## Task item
Lines to restate from the data below: from the one containing "In (A), high" to the one containing "緒論首先回顧中國書畫藝術中的", both included. Give them again exactly, and only them.

## Data under study
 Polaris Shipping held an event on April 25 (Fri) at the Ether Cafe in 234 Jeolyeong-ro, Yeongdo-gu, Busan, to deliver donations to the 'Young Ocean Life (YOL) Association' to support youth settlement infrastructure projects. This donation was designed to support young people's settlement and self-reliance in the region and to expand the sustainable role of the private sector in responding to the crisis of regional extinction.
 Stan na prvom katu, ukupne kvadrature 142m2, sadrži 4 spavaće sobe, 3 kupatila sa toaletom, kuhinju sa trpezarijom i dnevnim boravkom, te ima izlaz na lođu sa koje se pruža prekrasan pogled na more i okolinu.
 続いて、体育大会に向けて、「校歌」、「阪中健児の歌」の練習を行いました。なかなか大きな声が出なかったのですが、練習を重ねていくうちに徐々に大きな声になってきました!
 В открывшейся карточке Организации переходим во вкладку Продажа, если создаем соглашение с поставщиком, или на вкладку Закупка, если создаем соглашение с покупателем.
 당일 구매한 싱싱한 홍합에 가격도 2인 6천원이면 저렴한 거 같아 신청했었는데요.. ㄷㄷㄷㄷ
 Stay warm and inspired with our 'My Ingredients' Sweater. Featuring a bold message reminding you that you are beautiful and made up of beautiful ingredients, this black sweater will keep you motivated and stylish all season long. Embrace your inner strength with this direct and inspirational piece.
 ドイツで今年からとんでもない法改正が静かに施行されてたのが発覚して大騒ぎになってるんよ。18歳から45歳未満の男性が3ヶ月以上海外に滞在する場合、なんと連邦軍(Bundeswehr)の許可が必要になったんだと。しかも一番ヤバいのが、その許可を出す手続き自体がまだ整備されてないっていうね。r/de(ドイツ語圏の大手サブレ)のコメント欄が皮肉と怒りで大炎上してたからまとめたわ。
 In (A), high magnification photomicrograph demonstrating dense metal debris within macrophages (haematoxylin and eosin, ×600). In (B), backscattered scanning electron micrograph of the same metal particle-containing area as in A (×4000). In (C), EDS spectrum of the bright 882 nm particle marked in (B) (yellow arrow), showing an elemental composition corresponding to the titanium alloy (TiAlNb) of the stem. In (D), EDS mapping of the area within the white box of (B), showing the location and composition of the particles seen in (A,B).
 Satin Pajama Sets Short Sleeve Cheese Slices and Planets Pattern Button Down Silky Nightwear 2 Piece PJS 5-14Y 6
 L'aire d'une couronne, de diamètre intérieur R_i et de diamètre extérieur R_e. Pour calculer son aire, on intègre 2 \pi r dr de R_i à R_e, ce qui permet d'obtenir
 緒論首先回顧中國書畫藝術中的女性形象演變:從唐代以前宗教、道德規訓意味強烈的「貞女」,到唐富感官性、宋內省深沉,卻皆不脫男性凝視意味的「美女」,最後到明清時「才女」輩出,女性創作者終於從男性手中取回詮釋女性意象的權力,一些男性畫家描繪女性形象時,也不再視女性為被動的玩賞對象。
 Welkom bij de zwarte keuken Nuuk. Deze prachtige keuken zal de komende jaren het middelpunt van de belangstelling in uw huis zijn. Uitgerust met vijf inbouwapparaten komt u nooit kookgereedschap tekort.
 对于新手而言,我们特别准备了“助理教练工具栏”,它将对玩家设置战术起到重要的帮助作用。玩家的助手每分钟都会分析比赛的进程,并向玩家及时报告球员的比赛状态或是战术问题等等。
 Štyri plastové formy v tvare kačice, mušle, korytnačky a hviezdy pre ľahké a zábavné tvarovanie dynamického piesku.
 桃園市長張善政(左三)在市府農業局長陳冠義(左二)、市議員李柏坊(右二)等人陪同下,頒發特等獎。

## Written response
 In (A), high magnification photomicrograph demonstrating dense metal debris within macrophages (haematoxylin and eosin, ×600). In (B), backscattered scanning electron micrograph of the same metal particle-containing area as in A (×4000). In (C), EDS spectrum of the bright 882 nm particle marked in (B) (yellow arrow), showing an elemental composition corresponding to the titanium alloy (TiAlNb) of the stem. In (D), EDS mapping of the area within the white box of (B), showing the location and composition of the particles seen in (A,B).
 Satin Pajama Sets Short Sleeve Cheese Slices and Planets Pattern Button Down Silky Nightwear 2 Piece PJS 5-14Y 6
 L'aire d'une couronne, de diamètre intérieur R_i et de diamètre extérieur R_e. Pour calculer son aire, on intègre 2 \pi r dr de R_i à R_e, ce qui permet d'obtenir
 緒論首先回顧中國書畫藝術中的女性形象演變:從唐代以前宗教、道德規訓意味強烈的「貞女」,到唐富感官性、宋內省深沉,卻皆不脫男性凝視意味的「美女」,最後到明清時「才女」輩出,女性創作者終於從男性手中取回詮釋女性意象的權力,一些男性畫家描繪女性形象時,也不再視女性為被動的玩賞對象。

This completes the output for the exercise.